Huang also announced DGX station, which has four 80GB A100 GPUs having more memory and bandwidth than the original DGX station. Meant for AI research, it also has refrigerated liquid cooling for its Epyc CPU and four A100 GPUs.
The station runs at a quiet 37 dB while only utilising up to 1,500 W of power. It delivers up to 2.5 petaFLOPS of floating-point performance. One of the most impressive features is that it transfers 8TB per second.
Talking about the performance, Huang said that the Megatron could linearly scale training up to 1 trillion parameters on the DGX SuperPOD with advanced optimisations and parallelisation algorithms.
MLOps and Enterprise AI
NVIDIA EGX enterprise platform: The platform enables both existing and modern, data-intensive applications to be accelerated and secure on the same infrastructure. It delivers the power of accelerated computing from the data centre to edge with a range of optimised hardware, an easy to deploy application and management software and a vast ecosystem of partners who offer EGX in their products.

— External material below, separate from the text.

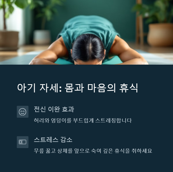 - 아기 자세 (Balasana) – 전신 이완과 긴장 완화

Huang also gave a glimpse of frameworks that encapsulate the entire workflow to customise AI models. It applies transfer learning to your data to fine-tune models. “No one has all the data – sometimes it’s rare, sometimes they are trade secrets. No model can be trained for every skill. And the specialised ones are the most valuable,” said Huang as he introduced Nvidia TAO.
TAO has a federated learning system allowing multiple users to train a shared model while having data privacy. Using TensorRT, it optimises the model for the target GPU system.
A Quantum cue
NVIDIA’s cuQuantum— an acceleration library designed for simulating quantum circuits, is meant for both tensor network solver and state vector solvers. It is also optimised to scale to large GPU memories, multiple GPUs and multiple DGX nodes. Developers can use it to speed up quantum circuit simulations based on state vector, density matrix, and tensor network methods by order of magnitude.